XPO has acquired a number of logistics businesses in North America and overseas. Some notable acquisitions include: 3PD, Inc. (August 2013), Pacer International, Inc. (March 2014), Norbert Dentressangle SA (April 2015) and Con-way Inc. (October 2015). XPO paid US$3.56 billion, including acquired debt, for European transport company Norbert Dentressangle and US$3 billion for Con-way Inc. 

XPO sold their truckload division (acquired from Con-Way) to TransForce for $558 million in cash.

In June 2016, XPO was included in the Fortune 500 list of the largest U.S. corporations based on revenue.

In 2019, XPO was the first global logistics company to join the Massachusetts Institute of Technology (MIT) Industrial Liaison Program, a partnership organization that pairs MIT resources with corporations worldwide to solve global business challenges.

The company has conducted logistics operations for the Evian Golf Championship and the Paris Marathon. In 2019, XPO Logistics released a mobile game simulating freight operations for the Tour de France.
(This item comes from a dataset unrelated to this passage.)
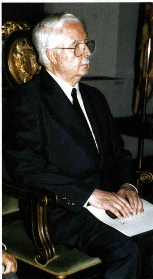
Acadèmic d'Honor de la Reial Acadèmia de Belles Arts de Sant Carles de València, 1999.

XVI. Sus influencias políticas en la Diputación de Valencia en el Primer Congrés d'Història del País Valencià que es publicaria en 1976, on Orts i Bosch explica la influència dels representants eclesiàstics en la Diputació de València i la situació inestable atravesada per la noblesa al llarg dels segles XIV i XV que li comportaria la inoperància com a estament militar durant el segle XVI. Per a il·lustrar la primera circumstància, aporta dues cartes que el virrei Vespasià Gonzaga i Colonna va transmetre a Felip II, sobre la conveniència de què el càrrec de representant eclesiàstic en la Diputació de València passara a mans d'algú que no fóra valencià, encara que sí que deuria ser persona submissa als interessos de la Corona, interessos que no solien coincidir amb els que tenia el poble. En les dues cartes es pot apreciar la maniobra que tramava el virrei per a allunyar de la Diputació a fra Valeriola, prior del monasteri de Sant Miquel dels Reis en 1576 i representant eclesiàstic en la Diputació, persona de grans sabers i fidel als Furs, el

In March 2022, XPO sold its North American intermodal business to Illinois-based STG Logistics for $710 million.

Company reorganization 
Beginning in 2021, XPO Logistics broke into three separate publicly-traded companies, making XPO solely an LTL provider.

GXO Logistics 
In August 2021, the company spun off its contract logistics business into a separate company named GXO Logistics, with facilities located primarily throughout North America and Europe. GXO stands for “game-changing opportunities”. , Malcolm Wilson is the CEO of the company.

RXO 
This was followed by XPO Logistics spinning off its brokerage and other services segment to a separate company named RXO, Inc. in November 2022. RXO, which stands for “reliability multiplied by outperformance” and provides global forwarding. RXO is headquartered in Charlotte, North Carolina, and provides managed transportation and last-mile logistics. At the time, Drew Wilkerson was CEO of the RXO.

2022–present 
XPO dropped “Logistics” from its name in December 2022 and remains solely as an LTL carrier, which allows multiple customers to transport goods in the same truck. In August 2022, Brad Jacobs announced he was stepping down as CEO and would be replaced by Mario Harik, XPO’s former chief information officer, who also serves as the company’s president.

Operations

North American LTL 
XPO is the second largest provider of less-than-truckload services in North America. Since November 2022, the company’s North American operations have been solely focused on LTL (less-than-truckload) freight transportation. LTL is a freight model which involves shipping smaller quantities of goods for multiple customers at a time. In 2022, XPO's CEO stated that the company operates in 99% of US zip codes. , XPO produces new and remanufactured trailers at a factory in Searcy, Arkansas.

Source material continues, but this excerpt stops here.